Saturday’s storm cleaned the air of constant haze and smoke, but when the dogs began to bark and the roosters crow, the first movement in homes is to light a fire, and the smokey smell returns. After a pancake breakfast sitting on a balcony sending blogs and emails and watching the sun rise over the Annapurna Range, one mountain at a time turning pink on its peak, we set off about 7:30 for a far away destination, Landruk. First we had to make up for what we didn’t finish yesterday because of the rain. I’m piled in layers of shirts, jackets and scarves looking like a mountain myself. It’s cold at this hour. By afternoon I’ll be down to a t-shirt.

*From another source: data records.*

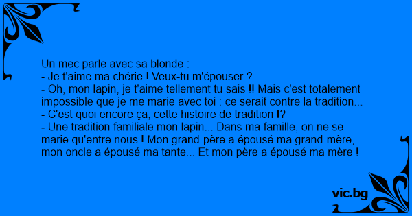 - Une tradition familiale mon lapin... Dans ma famille, on ne se marie qu'entre nous ! Mon grand-père a épousé ma grand-mère, mon oncle a épousé ma tante... Et mon père a épousé ma mère !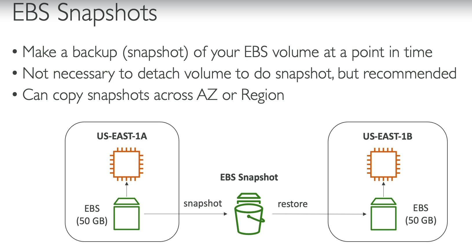 - Attach/Detach → Volumes can be attached/detached from EC2s in the same AZ.
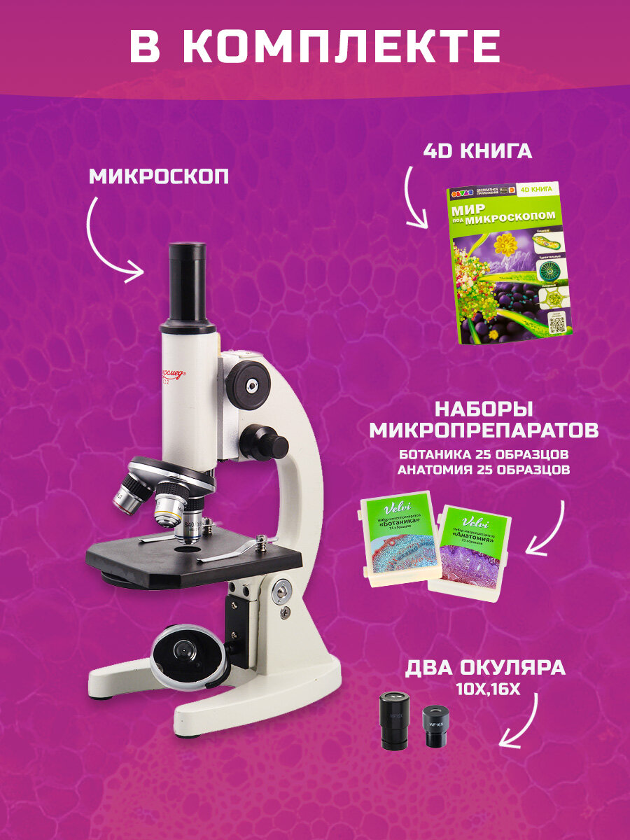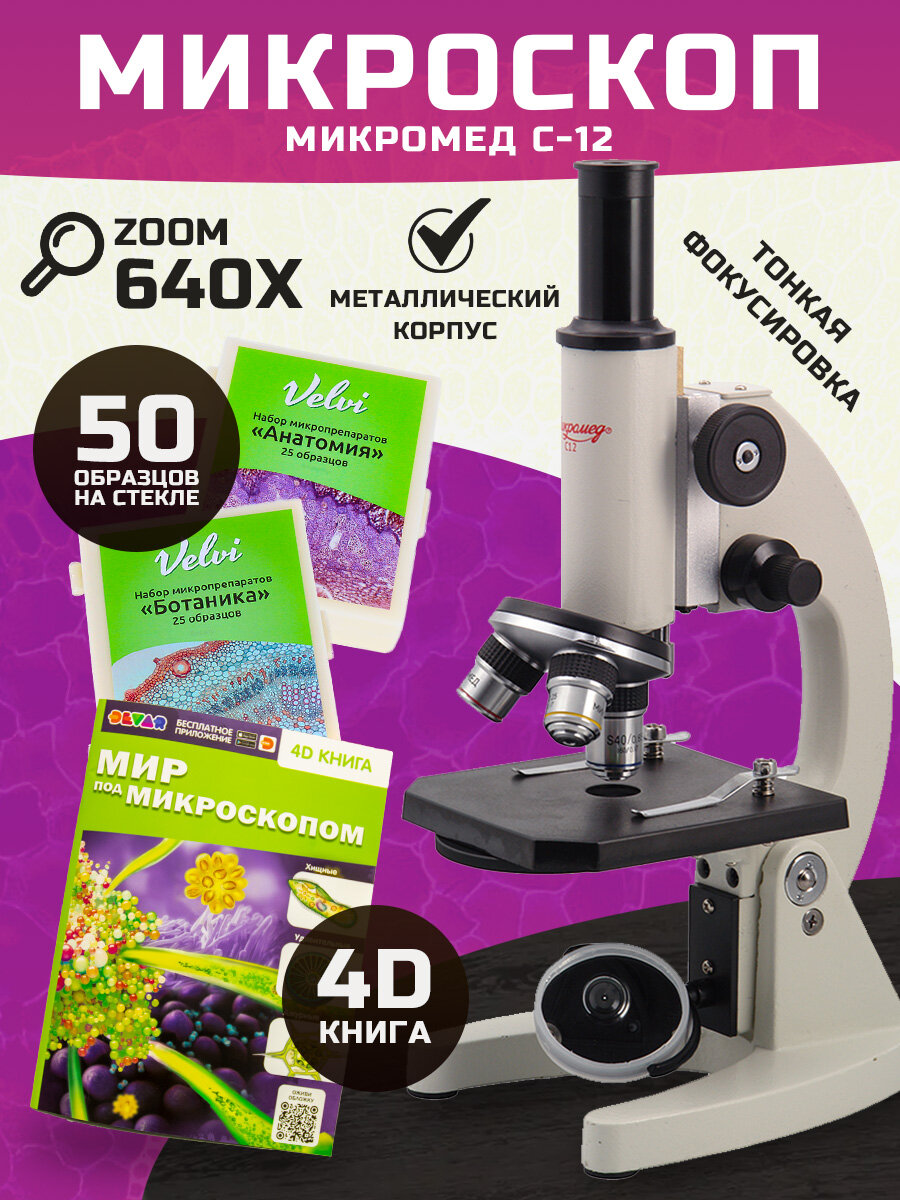 Микроскоп Микромед "C-12" 40x-640x, в комплекте c 4D книгой и препаратами Velvi №10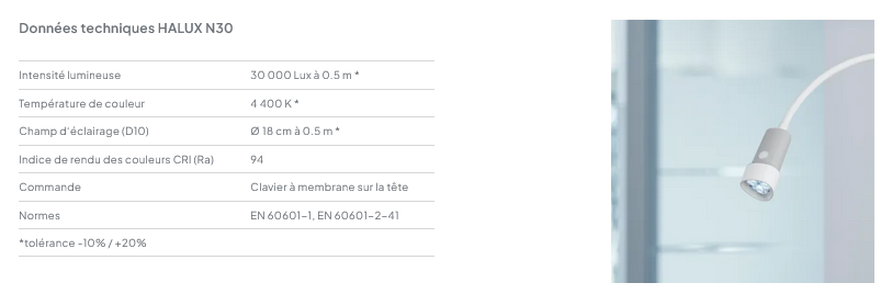 | Éclairement (Lux) | 30 000 lux à 0.5m |

The path was fairly reasonable in the beginning as we passed through a couple of hamlets or pueblos composed of about four to five structures, usually claiming to be restaurants and six room lodges with names like Heavenly Hotel and then crude brick homes of the locals. In most cases there is no electricity nor running water except from a barrel of caught rain water with a small tube for the water to run out so you can wash your hands, or as one of our porters did, wash his whole body with clothes on. There are no gas stations (no vehicles), no fast food places, no supermarkets, no furniture stores, no entertainment centers, just simple farmers providing a night’s stay to trekkers while others go about the harvesting of wheat, the herding of a handful of water buffalo, and loading products from one spot to another. Every load is transported by a porter using a strap around his head to tote the item, be it a table, a basket of chairs, or produce. Women, in their lively colored wraps and skirts, will use their silk scarf maybe to wrap a sleeping child to their backs, or to carry produce home from the tiny food house which doubles as a kitchen to feed the trekkers.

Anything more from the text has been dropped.